Comment 21 Sebastien Bernard 2021-01-24 23:08:45 UTC
The more I think about it,
the more it seems to be related only to this monitor.

I think the 4.19 kernel closed a bug and is rejectiting the EDID reported by this screen.

If someone could validate this EDID is correct, it'll be of great help.
Comment 22 Jay Tuckey 2021-01-25 00:29:45 UTC
@Sebastien that could well be the case. The screen works fine under windows, but it could be that they are working around bad EDID data?

Is there any way I can validate if the EDID is bad?
Comment 23 chriskoch 2021-02-19 09:47:30 UTC
Update:
We are now at Kernel 5.11 and this problem is still not fixed. I am stuck at 5.8 + manually entering the EDID on startup.
When 5.8 gets too outdated for me, I will buy a new monitor. I guess we cannot expect any fix after almost 3 years.
Comment 24 Rev 2022-05-19 00:34:00 UTC
Issue is back in 5.17.9 (and 8), AMD 5600G, Mesa 22.2~git2205170600.fffafa~oibaf~f, so its 4 years now?
Comment 25 Emre 2023-04-08 17:26:20 UTC
I still see this error in 6.2.10-arch1-1. It happens for displays connected through a USB-C hub:

[    5.230549] EDID block 0 is all zeroes
[    5.230552] [drm:dc_link_add_remote_sink [amdgpu]] *ERROR* Bad EDID, status3!
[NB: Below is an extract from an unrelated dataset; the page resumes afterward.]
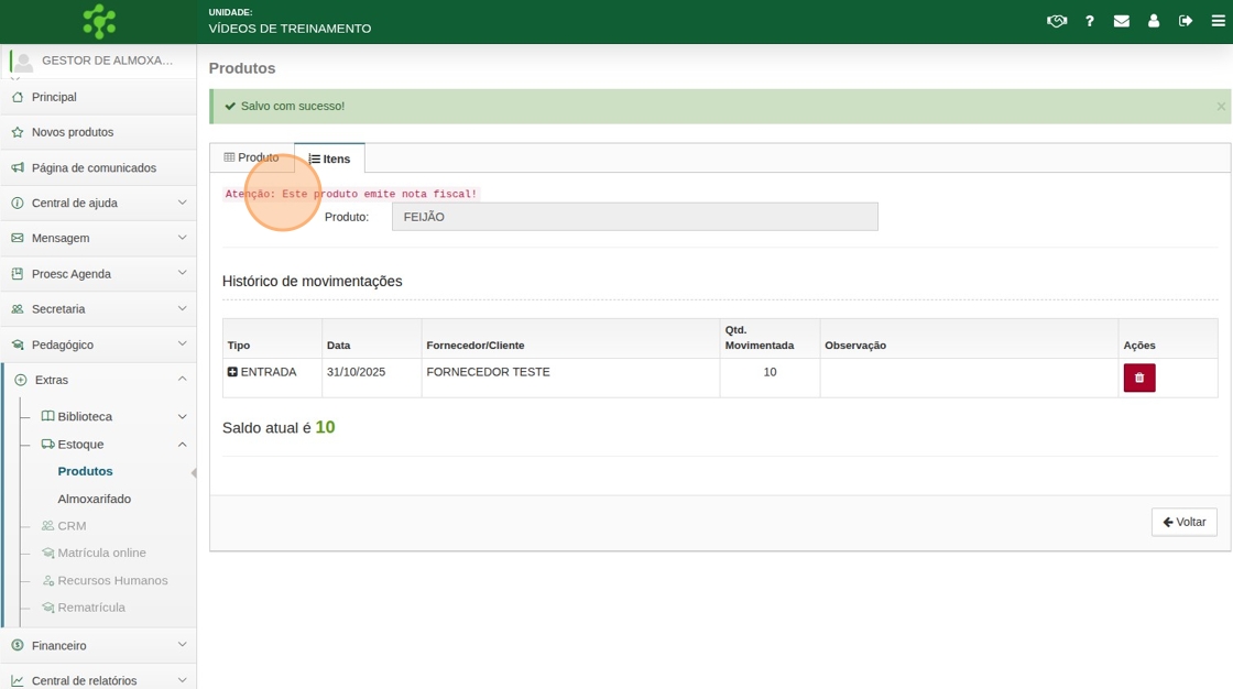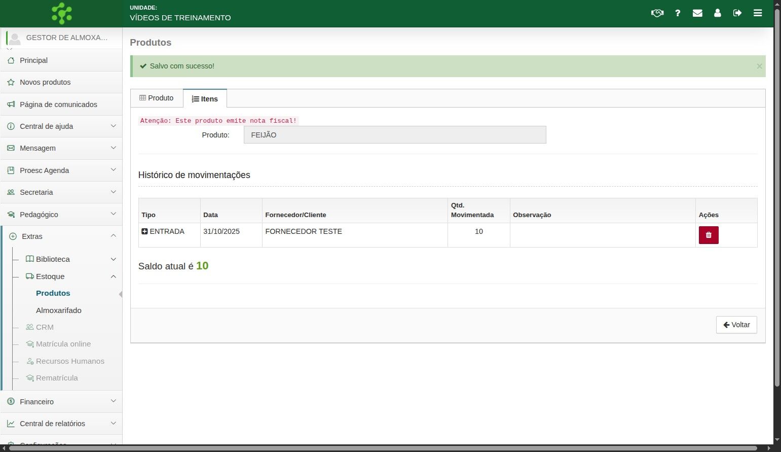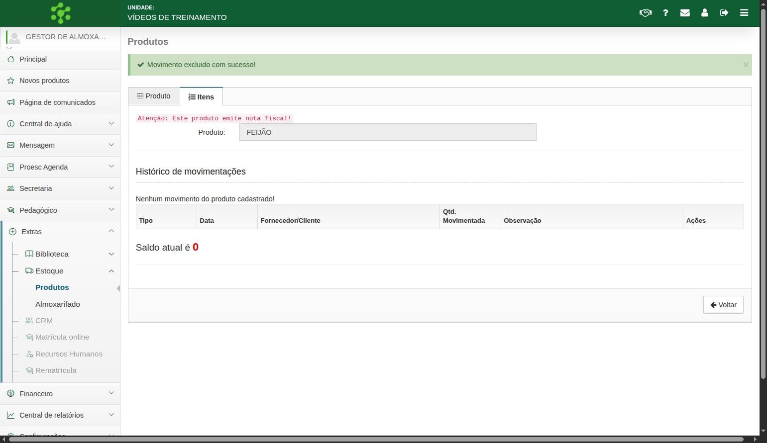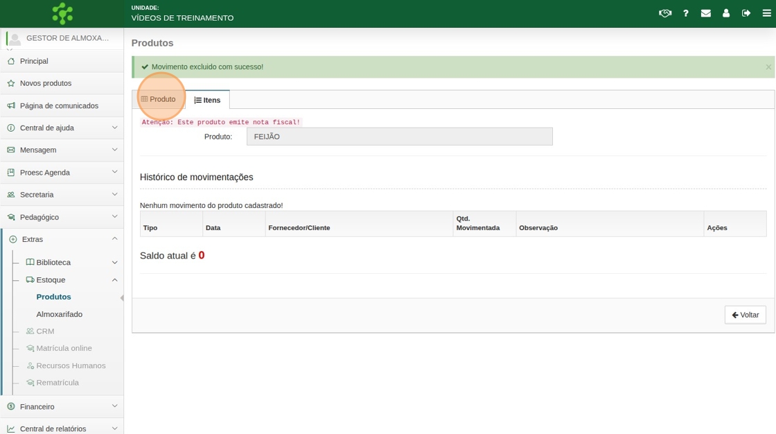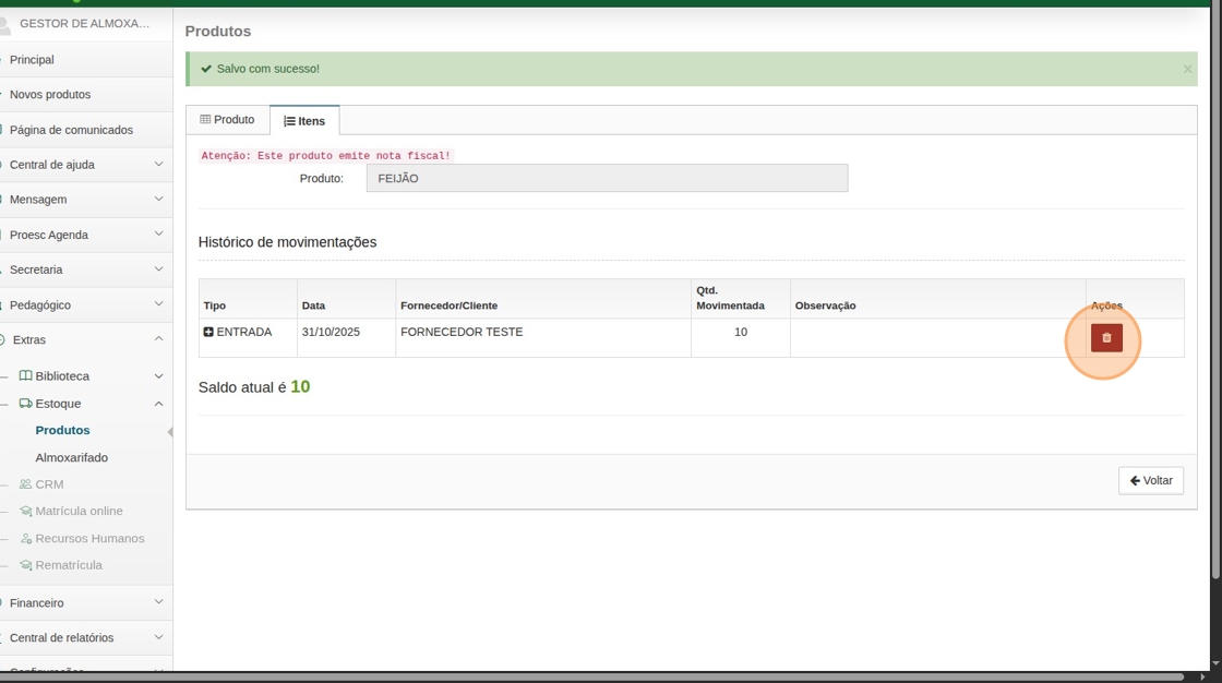 25. No ambiente de Itens, no histórico de movimentações é possível excluir o produto no ícone de lixeira.

A suspend / resume after system boots to login screen solves the issue. But it comes back sometimes when display is suspended due to idle or other system suspend/resume cycles.
Comment 26 Rev 2023-04-09 10:24:14 UTC
My display is connected via HDMI and on 6.2.10 mainline this error is coming up all 2 to 3 minutes in the logs. A relation to a display suspend is quite right in my eyes, because it stops when the display is woken up and starts again on display suspend.
Comment 27 Emre 2023-04-13 09:39:35 UTC
This makes my docked laptop almost unusable :( Once it suspends the displays, there's no coming back. I'd need to undock, and hope it recovers. After undocking, re-docking the USB-C hub does not help, external displays mostly dont come back. Needs reboot :(

I wonder if there's a way to change severity/importance of this bug, I'm worried that nobody looks at it as it's tagged 4.19 and 5.x while it exists in the latest version of kernel. This effects usability big time.
Comment 28 Rev 2023-04-13 09:54:01 UTC
I share that concern. Can the OP create a new report with a recent kernel and updated logs, maybe with a link to this report? That would be wonderful!

By the way, my last comment, that the issue stops when the display is woken up is wrong. Sometimes one display suspend is enough that the issue will repeat in the logs, even if the display is "on" after that all the time. But this is rather sporadic, sometimes the errors stop, sometimes they continue.